GIVEN DATA →
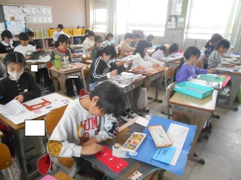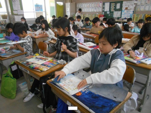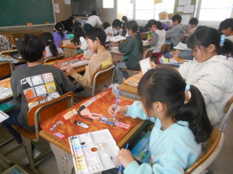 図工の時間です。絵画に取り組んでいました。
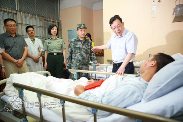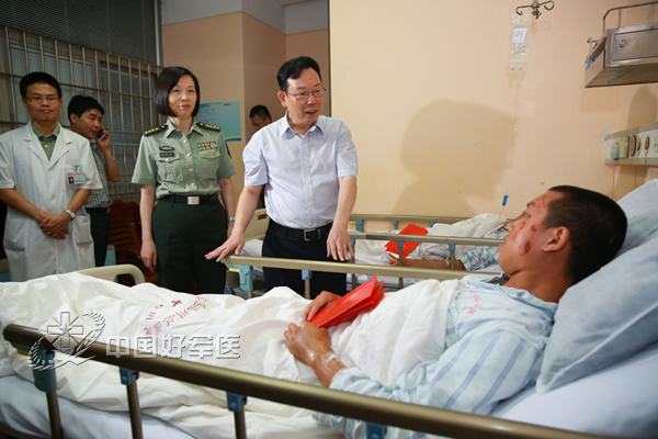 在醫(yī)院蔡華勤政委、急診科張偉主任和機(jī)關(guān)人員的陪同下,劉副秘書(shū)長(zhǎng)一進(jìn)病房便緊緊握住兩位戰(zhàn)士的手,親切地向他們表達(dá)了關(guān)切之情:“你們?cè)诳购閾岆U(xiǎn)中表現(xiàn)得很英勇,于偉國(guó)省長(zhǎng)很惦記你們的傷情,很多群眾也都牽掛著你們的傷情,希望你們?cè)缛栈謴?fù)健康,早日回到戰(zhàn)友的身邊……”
* * *
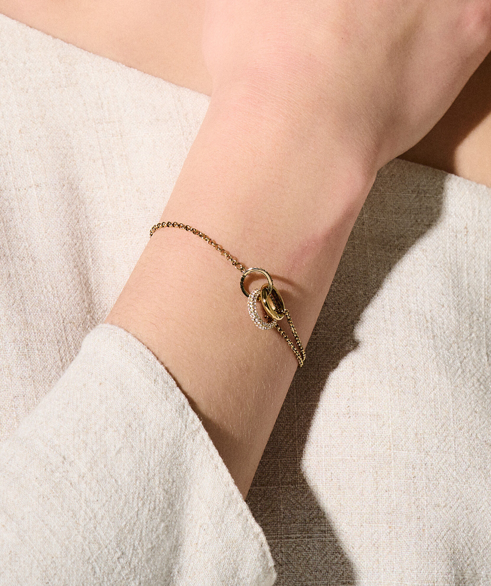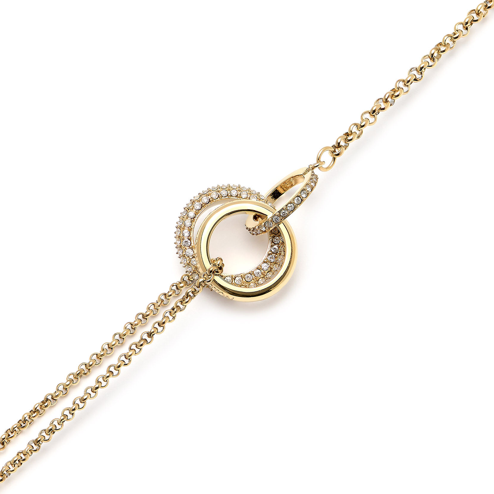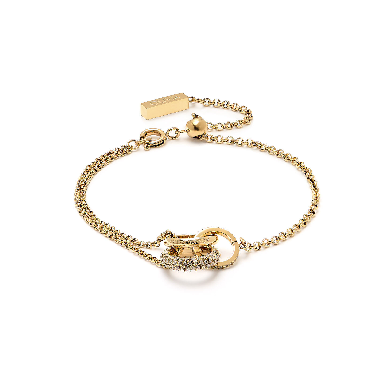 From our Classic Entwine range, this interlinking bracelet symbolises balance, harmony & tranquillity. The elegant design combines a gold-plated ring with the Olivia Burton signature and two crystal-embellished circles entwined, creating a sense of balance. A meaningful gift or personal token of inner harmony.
...
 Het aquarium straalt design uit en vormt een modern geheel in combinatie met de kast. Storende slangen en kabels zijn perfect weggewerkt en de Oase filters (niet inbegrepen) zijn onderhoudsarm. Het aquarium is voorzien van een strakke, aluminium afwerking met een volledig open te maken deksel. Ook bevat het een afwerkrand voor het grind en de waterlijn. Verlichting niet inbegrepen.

ACTIVITY →
Pictures in the material above should be skipped; print exactly the lines from the one with "図工の時間です。絵画に取り組んでいました。" through the one with "在醫(yī)院蔡華勤政委、急".

YOUR SOLUTION →
 図工の時間です。絵画に取り組んでいました。
 在醫(yī)院蔡華勤政委、急診科張偉主任和機(jī)關(guān)人員的陪同下,劉副秘書(shū)長(zhǎng)一進(jìn)病房便緊緊握住兩位戰(zhàn)士的手,親切地向他們表達(dá)了關(guān)切之情:“你們?cè)诳购閾岆U(xiǎn)中表現(xiàn)得很英勇,于偉國(guó)省長(zhǎng)很惦記你們的傷情,很多群眾也都牽掛著你們的傷情,希望你們?cè)缛栈謴?fù)健康,早日回到戰(zhàn)友的身邊……”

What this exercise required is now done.